I am just starting to get into Flask. I created a super-simple Flask app.
from flask import Flask
app = Flask(__name__)
@app.route("/")
def home():
return "Hello, World!"
if __name__ == "__main__":
app.run(debug=True)
I can run 'python hello-world.py' in my Anaconda prompt, go to 'localhost:5000' and it works as expected. I'm wondering how I can use some ML code to create some kind of API interface, using Flask. This is just a learning exercise for me, so I don't really have a concrete example of what needs to be done. I'm calling this a 'deployment exercise'. Anyway, here is a sample of code that I want to run.
# K-Means
from sklearn.cluster import KMeans
import matplotlib.pyplot as plt
from mpl_toolkits.mplot3d import Axes3D
import numpy as np
# %matplotlib inline
from sklearn import datasets#Iris Dataset
iris = datasets.load_iris()
X = iris.data#KMeans
km = KMeans(n_clusters=3)
km.fit(X)
km.predict(X)
labels = km.labels_#Plotting
fig = plt.figure(1, figsize=(7,7))
ax = Axes3D(fig, rect=[0, 0, 0.95, 1], elev=48, azim=134)
ax.scatter(X[:, 3], X[:, 0], X[:, 2],
c=labels.astype(np.float), edgecolor="k", s=50)
ax.set_xlabel("Petal width")
ax.set_ylabel("Sepal length")
ax.set_zlabel("Petal length")
plt.title("K Means", fontsize=14)
# GMM:
from sklearn.mixture import GaussianMixture
import matplotlib.pyplot as plt
from mpl_toolkits.mplot3d import Axes3D
import numpy as np
#%matplotlib inline
from sklearn import datasets#Iris Dataset
iris = datasets.load_iris()
X = iris.data#Gaussian Mixture Model
gmm = GaussianMixture(n_components=3)
gmm.fit(X)
proba_lists = gmm.predict_proba(X)#Plotting
colored_arrays = np.matrix(proba_lists)
colored_tuples = [tuple(i.tolist()[0]) for i in colored_arrays]
fig = plt.figure(1, figsize=(7,7))
ax = Axes3D(fig, rect=[0, 0, 0.95, 1], elev=48, azim=134)
ax.scatter(X[:, 3], X[:, 0], X[:, 2],
c=colored_tuples, edgecolor="k", s=50)
ax.set_xlabel("Petal width")
ax.set_ylabel("Sepal length")
ax.set_zlabel("Petal length")
plt.title("Gaussian Mixture Model", fontsize=14)

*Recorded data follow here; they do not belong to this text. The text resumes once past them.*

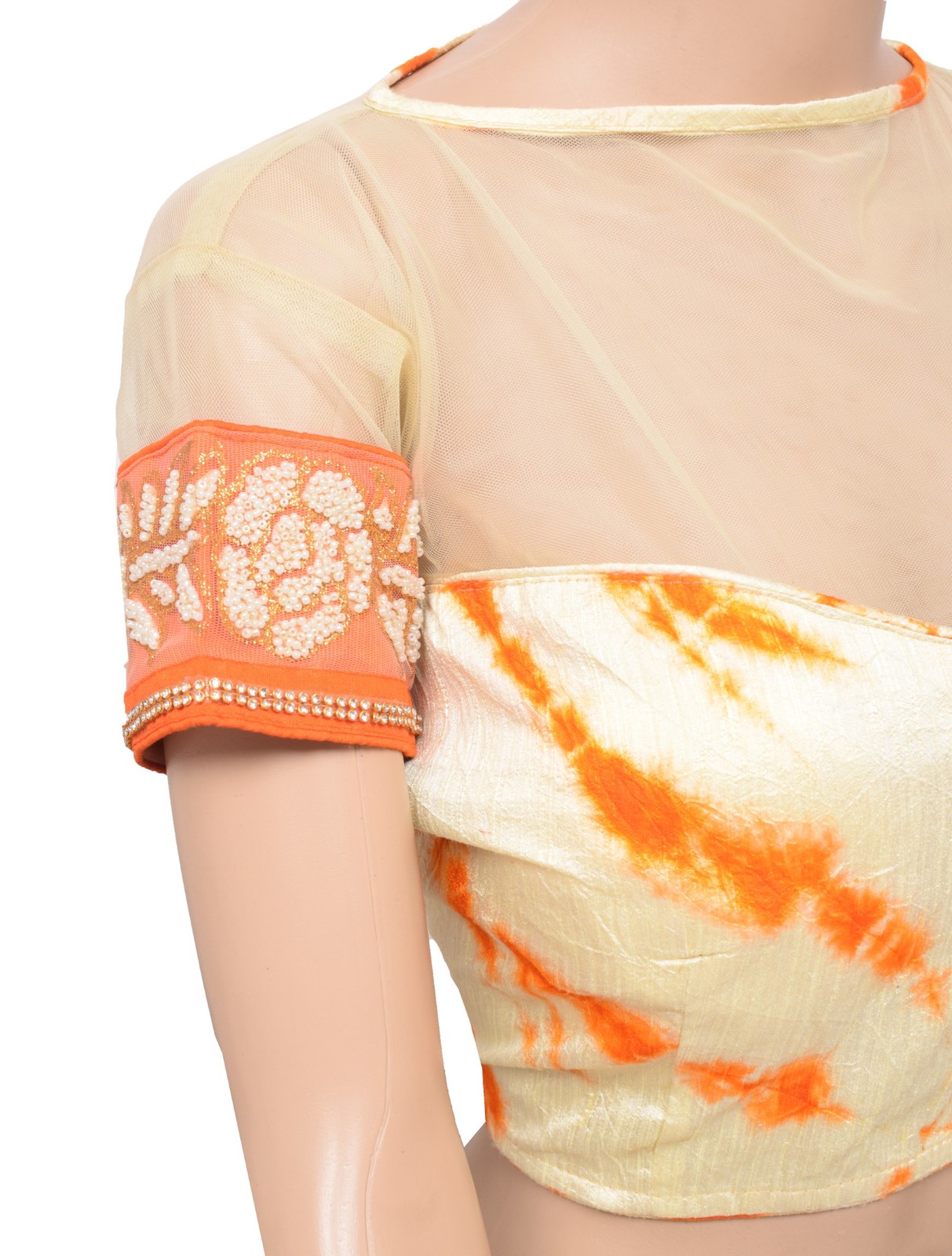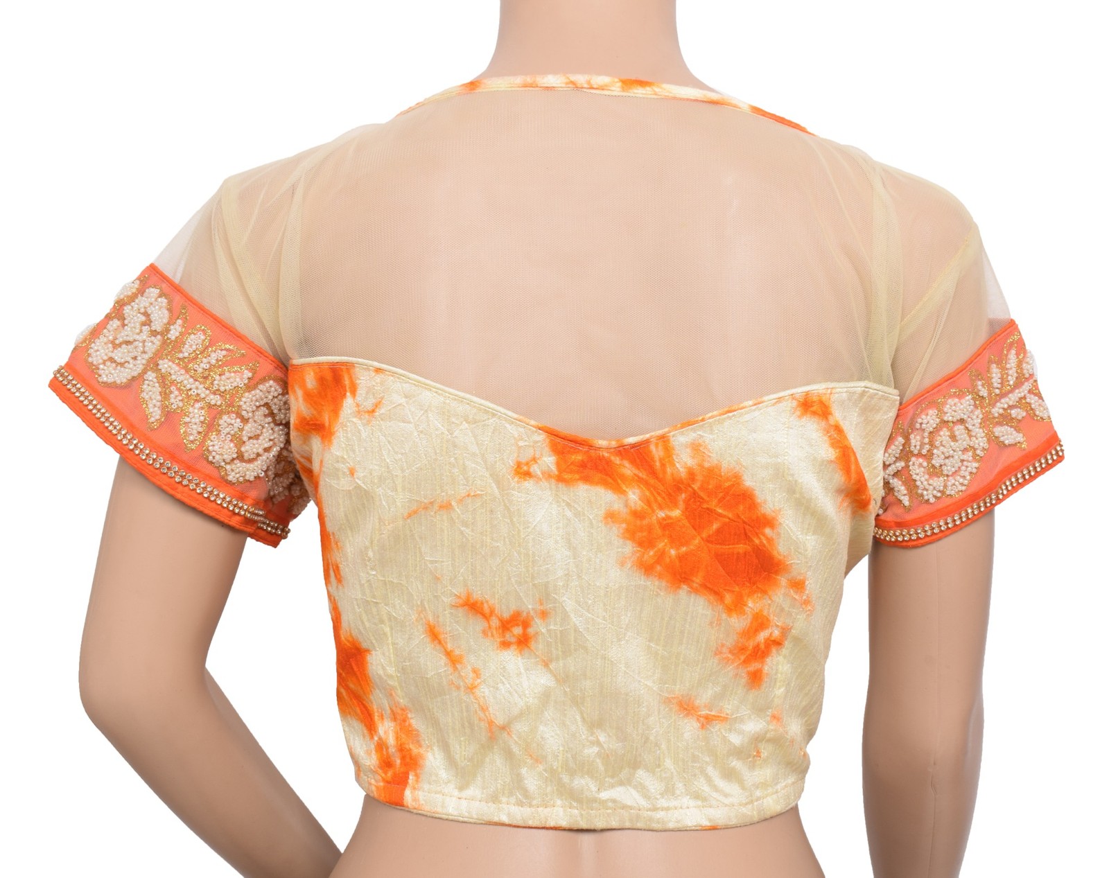 Sushila Vintage Batik Print Saree blouse Cream and orange Designer Silk Top 38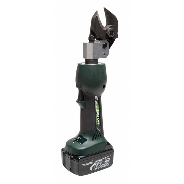 Cordless Cable Cutter, Voltage 18.0, Features Scissor Style Blades Make it Easy to Cut Short Tag Ends on Tap Cables in H-tap Connectors, LED Light Provides the Operator with the Battery Charge and Tool Maintenance Status, Cutting Head Rotates 350 Degrees , Includes (2) Batteries, (1) Battery Charger, Carrying Case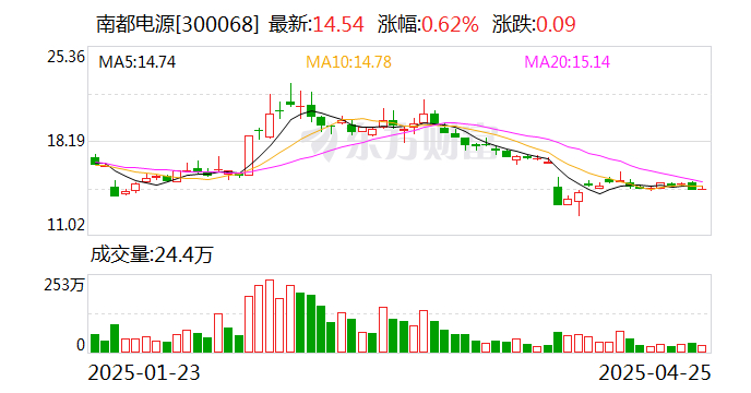 4月26日,南都电源(300068)公布2025年一季报,公司营业收入为11.4亿元,同比下降61.8%;归母净利润亏损2.66亿元,同比下降422.5%;扣非归母净利润亏损2.68亿元,同比下降884.8%;经营现金流净额为-2.95亿元,同比下降35.6%;EPS(全面摊薄)为-0.2966元。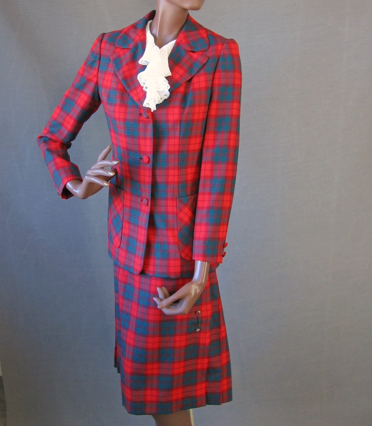 Women's Vintage 60s Skirt Jacket Suit Set MacNab Tartan Plaid Scarf Kilt M Aljean Canada VFG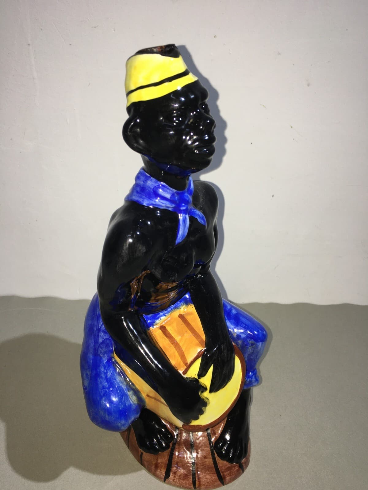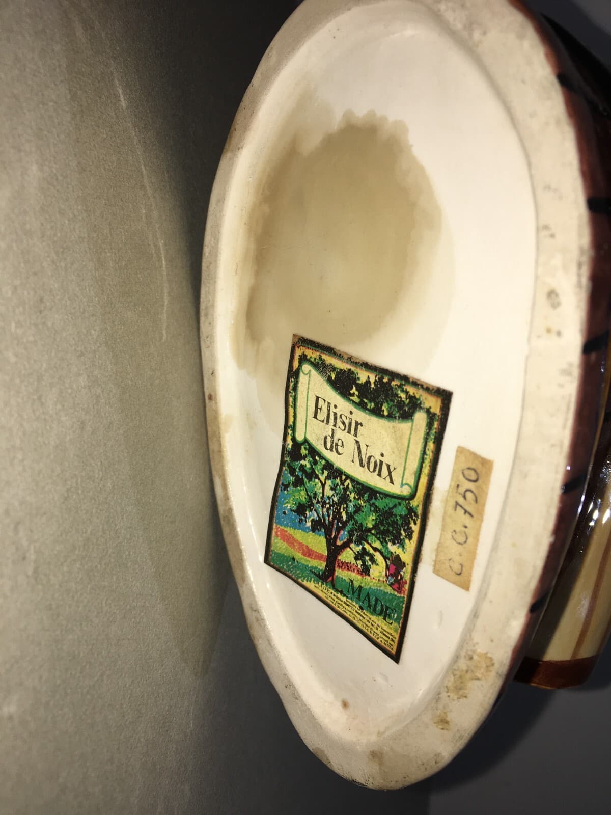 Distilleria Liquori: Bottiglia In Ceramica Con Uomo Di Colore, Elixir De Noix, Metà Del '900

If my approach is totally wrong, please tell me how to do this the right way. Again, this is simply a learning exercise for myself. I've been using Spyder to do all my ML work for a while, and now I want to try to incorporate some API technology, or Flask technology, into my work.